Where do I sign up? (To give, not to recieve, of course!)



> People like this make our hobby seem like a reckless adventure.   My Mom reads these articles and always figures I'm the next idiot to get lost.


I'm always tempted to grab my mom's newspaper and cut these articles out before she sees them, for the same reason.



> Sure you may need a rescue one day if you break an ankle on the trail,  But stupidity is not classified as a physical injury last time I checked.....



Depends... if you are hiking in tivas, flip-flops or heels when this happens, you deserve the slap at every change of the rescuers carrying you down.

-Stephen


----------



## MtnMagic (Jul 16, 2004)

Yes sir Cal, that sure was you and I on that West Osceola bushwhack. And J was with us too.
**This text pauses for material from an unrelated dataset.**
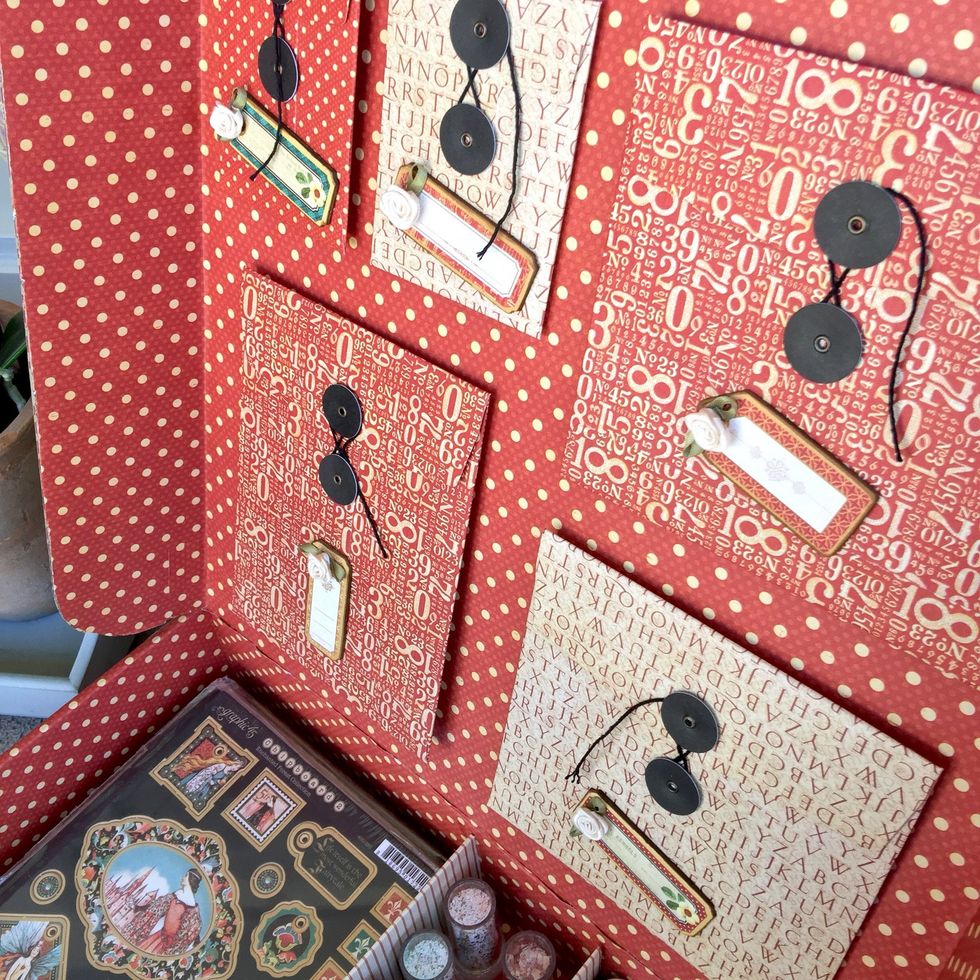 Make some pieces that serve to make separations inside the box. You can do them with cardboard and then cover them with Graphic 45 DIY Craft Paper.

Keep the slaps down, the trail education up and lets just keep truckin' those trails.
_________________
What do you say!!


----------



## Mike P. (Jul 20, 2004)

Just back from Vacation, from what I read over on the AMC site from people reading all the different stories, (Boston Globe, Union Leader, Concord Moniter, etc., )  is that they have not have been heading to West Osceola but instead were just trying to take a short cut so they could be first to the top. (Or Bottom if descending, as I said, I'm just back from the beach so I skimmed all the gossip & was glad all were okay)

(Seems like an odd type of group to try & bushwhack W. O. unless they got up to Osceola first & wanted tobrag to other they went over there too, where you can see WO it looks pretty close)

Should they pay for the rescue effort????  I'm thinking yes as it would be less expensive than a winter trip (unless they had the choppers up in the air) & maybe a better lesson to others about being prepared to travel off trail or to stay on the trail & not take short cuts.  Maybe just a donation to Fish & Game to buy some gear.

Mom has done some hiking with me so the get lost part does not concern her, it's the winter trips & whether or not I know to come in from the rain, snow, sleet, 90 MPH winds, avalanches, cliffs in the dark....


----------